By Diana Kimanzi and Carolyne Chebet | September 17th 2019
Education PS Belio Kipsang interacts with Grade 3 pupils during the Monitoring Learner Progress (MLP) exercise at Moi Avenue Primary School in Nairobi on September 16. [Boniface Okendo, Standard]

Education Principal Secretary Belio Kipsang has cautioned parents against exerting pressure on their Grade Three children, who are being assessed nationally today.

Dr Kipsang said what the pupils will be facing today is a curriculum assessment, to measure the progress and effectiveness of the new Competency-Based Curriculum (CBC).

“I want to assure everyone that there is no examination in progress. We are only assessing learners using the new Competency-Based Curriculum (CBC),” said Kipsang.

The PS spoke yesterday at Moi Avenue Primary School when he toured the school to check the progress of learners.

He added that the ministry is monitoring the learners to gauge if they are coping and understanding the skills they are being taken through.

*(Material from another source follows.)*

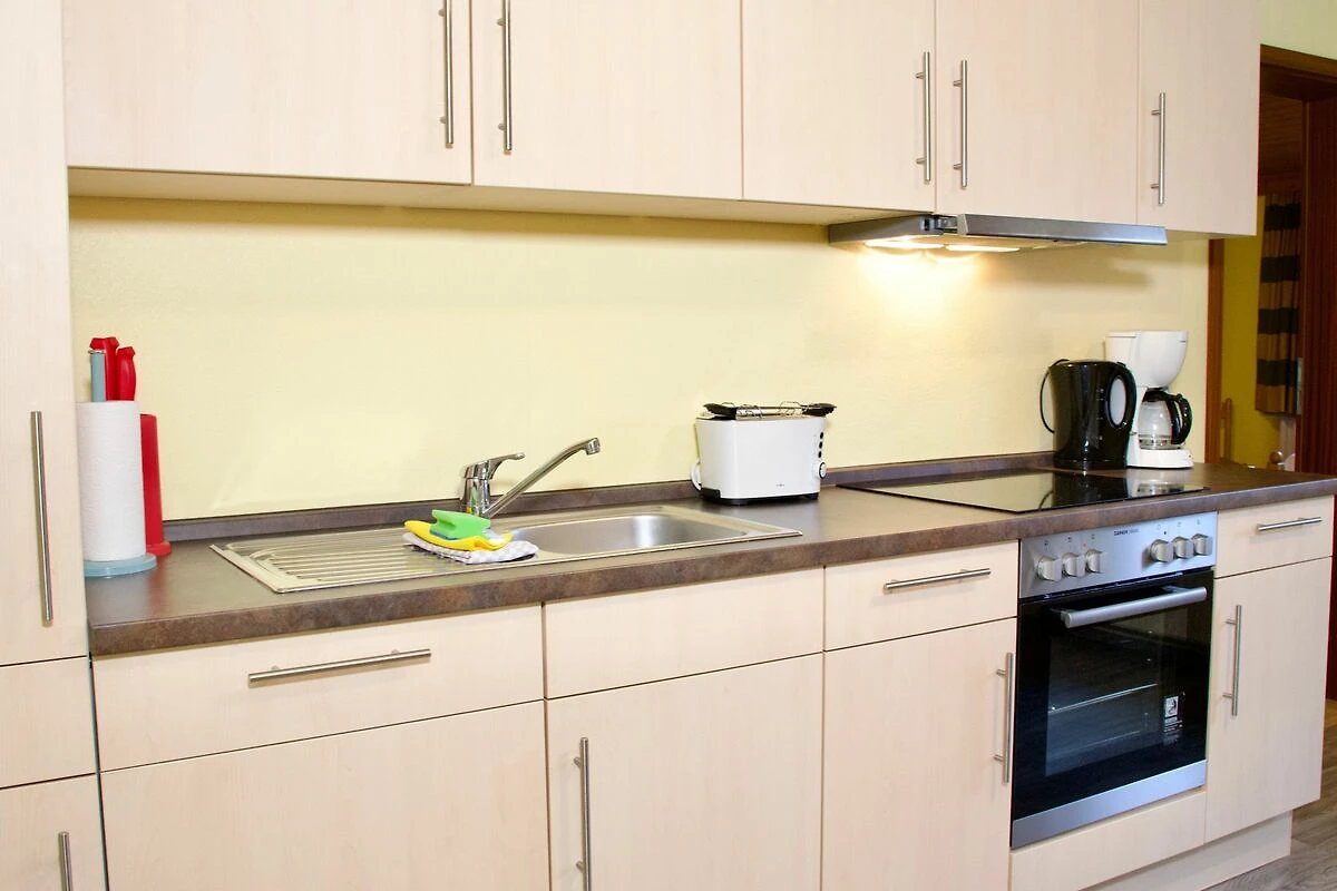 Die Küche bildet einen zentralen Bereich der Wohnung. Sie ist hell gestaltet, lässt keine Wünsche offen und verfügt über einen Esstisch, der sich ideal für gemeinsame Mahlzeiten oder ausgedehnte Spieleabende eignet. Ein Geschirrspüler, eine Kaffeemaschine sowie eine Gefriermöglichkeit stehen für die Selbstversorgung im Urlaub bereit. Ein grosses Fenster sorgt für viel Tageslicht und unterstreicht die freundliche Wirkung des Raumes.

Kipsang reiterated the position of Education Cabinet Secretary George Magoha that there will be no grading of schools, adding that despite the performance of the pupils in the assessment, they will all transition to the next level under the 100 per cent transition policy.

The PS said teachers will undergo more training in December to equip them with the requirements of Grade 4 under the CBC.

The assessment being administered to learners will cover Mathematics, English and Integrated Learning and will continue till the end of the term.

The ministry will receive a detailed report after the completion of the assessment so that it can find better ways to improve and deliver effectively.

Financial constraints

Meanwhile, some head teachers in Homa Bay complained about financial constraints that had affected preparations for the assessment.

They complained that downloading assessment papers from cyber cafes was expensive.

At Shauri Yako Primary School in Homa Bay Town, a desktop and printer were stolen three weeks ago, hence hampering the school's preparations.

A similar complaint was raised by Lake Primary School head teacher Erick Koyier.

He said although the school was prepared for the assessment, it would spend a lot of money in producing assessment papers.

In Nakuru, preparations for the exercise was seamless.

The timetable in circulation indicates that yesterday was the rehearsal day and today pupils will be assessed on Mathematics.

A spot check in schools in Nakuru revealed learning in progress despite the hype on the assessment.

However, most schools have enforced a rule requiring visitors to keep off learning institutions in third term.

Rift Valley Education director John Ololtuaa said most of the schools will undertake Monitoring Learning Progress this week.